15 February 2019

Property

'Valuing Emotions' by Hila Keren in (2018) 53(5) Wake Forest Law Review comments
This Article illuminates an unresolved legal enigma: Why is private law so reluctant to compensate victims for emotional harms while it is fully committed to compensating them for any other type of harm? It proposes a novel analysis of the deeper roots of the problem and a solution. This Article shows that the persistent resistance to compensation in the affective domain comes from a broader legal misunderstanding and mistreatment of emotions. Opponents of compensation are wrong to assume that emotional harms are trivial, easy to fake, or impossible to value. Rather, with the help of scientific and technological progress, it should be clear by now that the devaluation of emotional harms is unjustified, injurious to victims, and toxic to relational norms of behavior. What’s worse, as this Article exposes, is that while the debate has continued without resolution, reality has dramatically changed. Outside of law and under a neoliberal worldview, the value of emotions has been celebrated, making emotions a new type of personal property and an important component of people’s human capital. The Article thus demonstrates that in today’s hypercompetitive world the refusal to compensate for emotional harms is more devastating than ever before. For that reason the Article proposes that it is about time we start valuing emotions – recognizing their importance and compensating those who suffered emotional harms. The Article then discusses how to shape the necessary reform, mainly by utilizing existing remedial tools to cope with concerns related to verification and measurement – a challenge that is in no way unique to emotional harms and should not continue to prevent appropriate compensation.
'The Street View of Property' by Vanessa Casado Perez in (2019) 70(2) Hastings Law Journal 367-408 comments 
Parking on public streets is scarce. The current allocation system for parking spots based on the rule of capture coupled with low parking fees creates a tragedy of the commons scenario. The misallocation of parking has consequences for commerce, for access to public spaces, and for pollution and congestion. Municipalities have not widely adopted the solution that economists propose to solve this scarcity problem: increase the price. Politics aside, the reluctance of municipalities to do so may be explained by the unique nature of public property as reflected in well-rooted legal and societal constraints. This unique nature helps explain, for example, municipalities’ ban on software applications (apps) allowing occupants of curbside parking to “sell” their spots to would-be occupants in Boston or San Francisco. While the ban may be justified, the unique nature of public property is not incompatible with some well-designed, efficiency-oriented policies, as this Article will put forward. 

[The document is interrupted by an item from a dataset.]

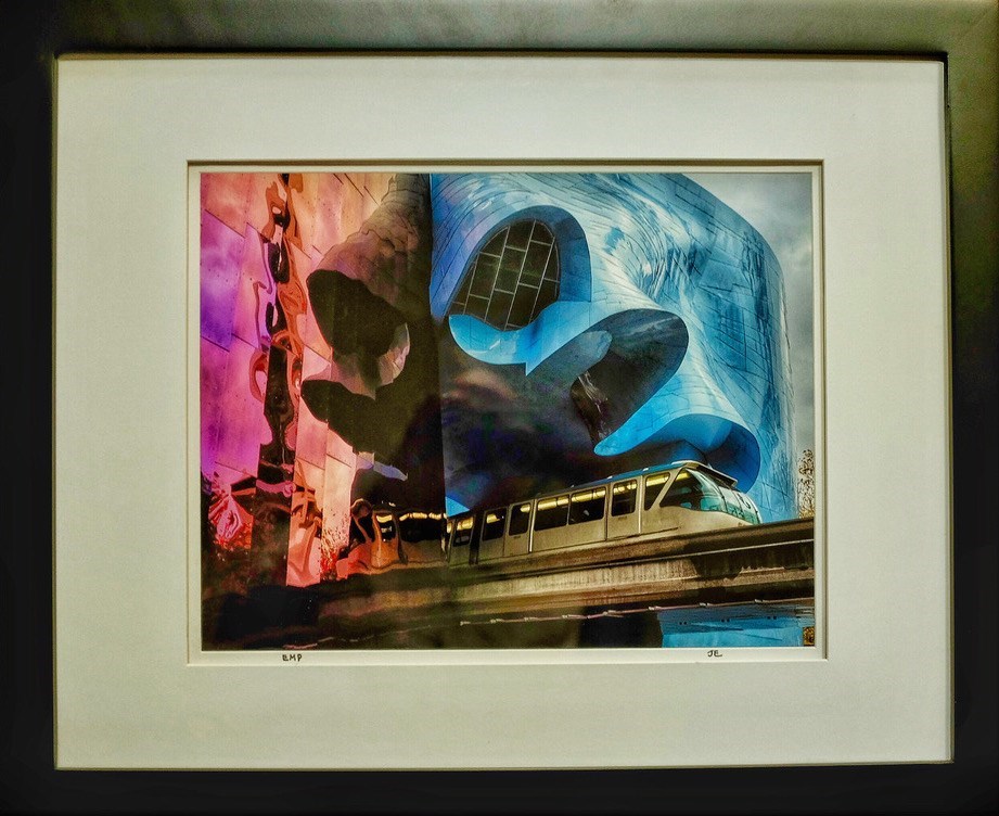 MOPOP & Monorail Photograph by Jean Erreca - 14"×17" Print The architecture of the MOPOP (Museum of Pop Culture) building in Seattle is inspired by the energy, movement and fluidity of the art it exists to celebrate. A symphony of textures, myriad colors and flowing design elements create a one-of-a-kind visual experience. Three-thousand panels, made up of 21 thousand individually cut and shaped stainless steel and painted aluminum shingles, blanket the building's exterior responding to changes in light conditions and appearing to shift when viewed from different angles, reminding audiences that music and culture are forever evolving. MOPOP’s architect, Frank O. Gehry, used Computer Aided Three-Dimensional Interactive Application (CATIA) in the creation of the building—the first architect to do so.

This Article distills the legal constraints on curbside parking and any other public property management by drawing on case law regarding parking meters and public resources managed in trust for the public, and decisions by municipalities regarding parking apps and privatization of parking meters. These constraints include, among others, that public property shall not be used to raise revenue, although placing a price on it may pursue other regulatory aims consistent with public use, or that municipalities shall not lose control of the public spaces dedicated to curbside parking. At a normative level, the above constraints provide a framework for assessing policies regarding curbside parking and, by extension the management of any other public property resources. At a positive level, the Article proposes ways to make efficiency compatible with the principles guiding the management of public property. It analyzes whether, and to what extent, the efficiency-oriented policies that would translate into a price increase—variable pricing, tradable property rights, and privatization—clash with those principles constraining the monetization of public property. In addition, the Article concludes by pointing to other situations where its analytical framework could be extended, such as other uses of public streets (for instance, use of public bus stops by shuttle-buses of private companies) or existing practices in connection to public resources (for instance, semi-privatization of beaches).